Miembros

  • Thread starter Thread starter Myselff
  • Start date Start date
pues es una gilipollez pero oye haz lo que te de la gana
 
UztgIfr.jpg
 
que pesada eres con el puto programa ese de mierda, follatelos ya a todos puta y dejanos en paz
 
Hier vendredi dernier jour d'école.

J'étais à la maison en train d'attendre ma femme qui est venue avec le bébé pour manger chez mes parents. Et la fille vient à moi avec un visage très sérieux.

Il me dit mot pour mot 'Papa, une chose très sérieuse s'est passée à l'école'. À ce moment-là, j'ai pensé que ce serait un non-sens.

Le bébé continue: 'Aujourd'hui, XXXXX (nom d'un enfant maure) m'a écrit une lettre pour me dire de mauvaises choses'. Là je commence à m'inquiéter et je pose des questions sur le contenu de celui-ci.

Et c'est à ce moment-là qu'il me le laisse tomber: 'Je mets YYYY (nom de ma fille), je vais te tuer. Je vais te couper la tête. '

Ma femme est abasourdie, parce que le professeur lui avait dit quelque chose en haut, mais sans préciser ce que le morito lui avait dit.

Je deviens évidemment un basilic. La première chose que je fais est de lui demander si elle a fait quelque chose à l'enfant qui - même si cela ne le justifie pas - explique au moins cette menace. La fille insiste encore et encore qu'elle n'a rien fait. Ils étaient assis à regarder des chants sur un écran et un autre camarade de classe lui avait envoyé le morceau de papier. Sans avoir interagi avec lui toute la matinée.

Je le crois Elle est extrêmement timide, le bébé typique qui ne fait pas de bruit et ne dit pas un mot plus haut que les autres.

Je dis à ma dame d'aller immédiatement parler avec l'adresse du centre et elle accepte. On prend la voiture et on y plante en une quinzaine de minutes.

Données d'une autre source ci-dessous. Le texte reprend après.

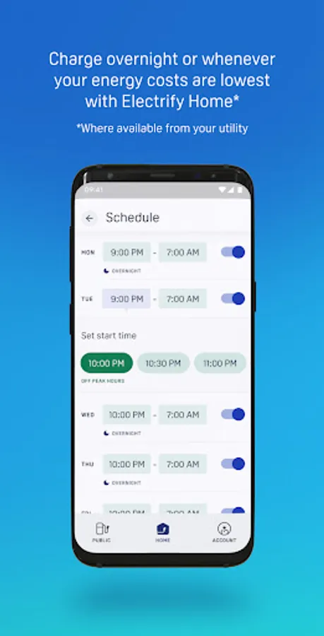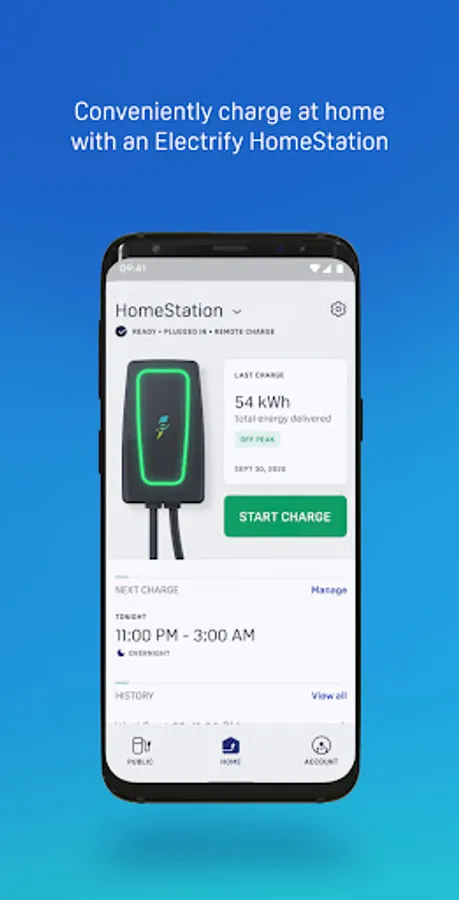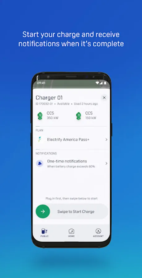 Your companion for easy charging, at home and on the go! Use the Electrify America app to schedule your charge at home, find a public charging station, and more.
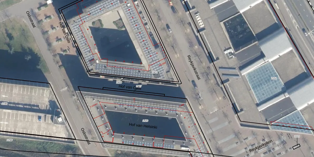 Het perceel waarop Hof van Oslo 80 staat heeft een oppervlakte van 2840 m². Dit is een zeer groot perceel. De perceeloppervlakte wordt geregistreerd door het Kadaster. Gedetailleerde informatie over de maten van dit perceel kunt u vinden in het rapport Kadastrale kaart met maatvoering van Hof van Oslo 80.
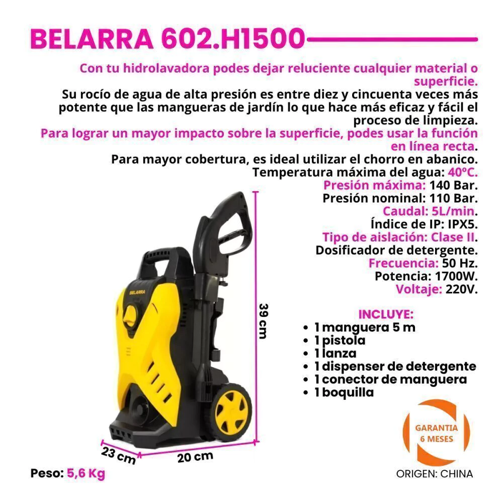 Hidrolavadora 140 Bar Alta Presion Belarra 1700w
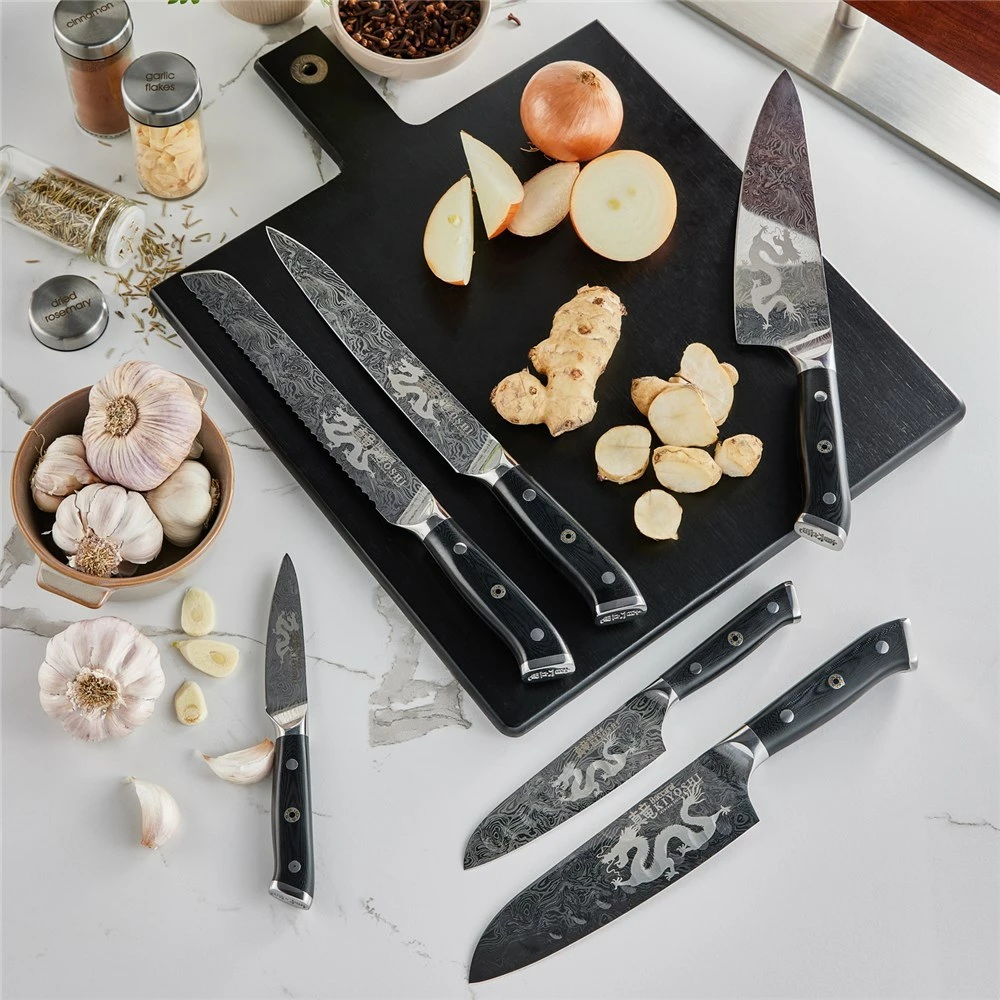 - Traditional Damascus inspired blades featuring a distinctive trademark Dragon
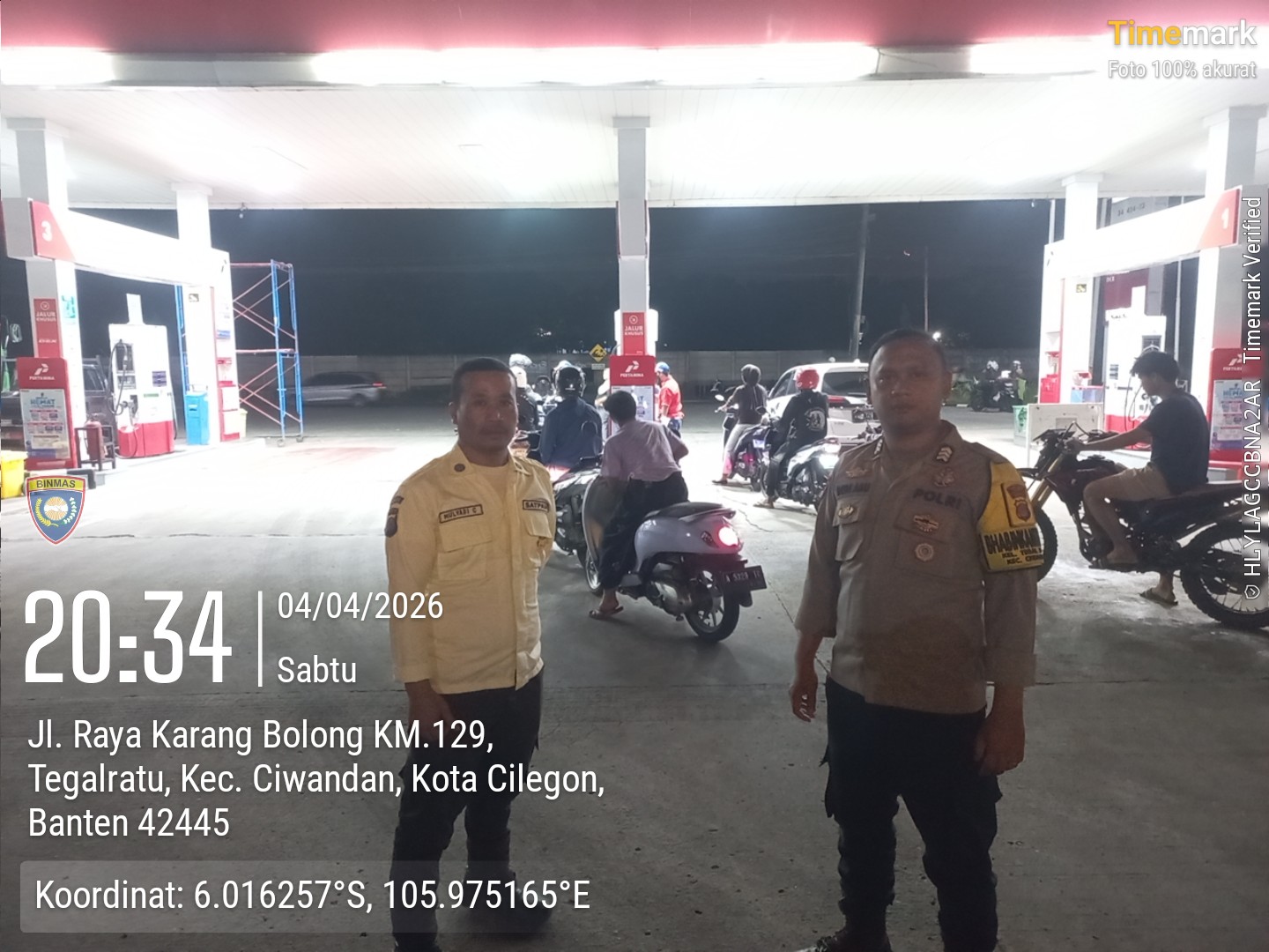 Cilegon - Kepolisian Polsek Ciwandan Polres Cilegon Polda Banten, melakukan pengecekan stok Bahan Bakar Minyak (BBM) di dua SPBU di wilayah Ciwandan, Cilegon, Sabtu (04/04/2026).

Nous sonnons la cloche mais personne ne l'ouvre. Cinq minutes plus tard, la porte nous ouvre un bébé qui jouait dans le patio, de ceux qui restent dans la salle à manger. Nous sommes passés par là et il n'y avait pas d'enseignants, juste deux femmes en service pour les enfants qui restent à manger. Nous parlons à l'une d'entre elles et elle nous dit que jusqu'au 7 janvier, le directeur ne reviendra pas.

Ma femme appelle ensuite une autre mère au téléphone pour obtenir le numéro de l'enseignant. Il le lui donne et l'appelle.

L'explication de l'enseignant, bien rien. Cela a été très surpris de l'enfant. Qu'il est un garçon qui n'est généralement pas conflictuel. Il a appelé le père et le morito a beaucoup pleuré. Que le père l'a grondé. C'est une façon de parler que 'ces gens' ont. Cela, compte tenu de la gravité des menaces, nous ne devrions pas y prêter attention. Quelles sont les choses des enfants Et vous devez suivre le protocole du centre. Et nous verrons comment tout reste dans une fille.

Moi qui conduisais à côté de ma femme pendant qu'elle parlait, j'ai insisté pour que je veuille parler au directeur du centre lorsqu'ils passent leurs soirées. Et ainsi il l'a transmis. Donc, pour l'instant, la tranquillité. Mais au retour on verra.

Ce qu’il faut ouvrir, j’espère qu’ils ne l’effacent pas, c’est de voir si quelqu'un d'autre a quelque chose comme ça et de lire vos opinions. J'ai été un enfant aussi. J'ai collé, j'ai volé les marqueurs et j'ai jeté le sandwich au sol. Mais qu'en est-il des menaces de mort si spécifiques et à un âge aussi précoce - rappelez-vous, nous parlons d'enfants de sept ans - jamais dans la vie.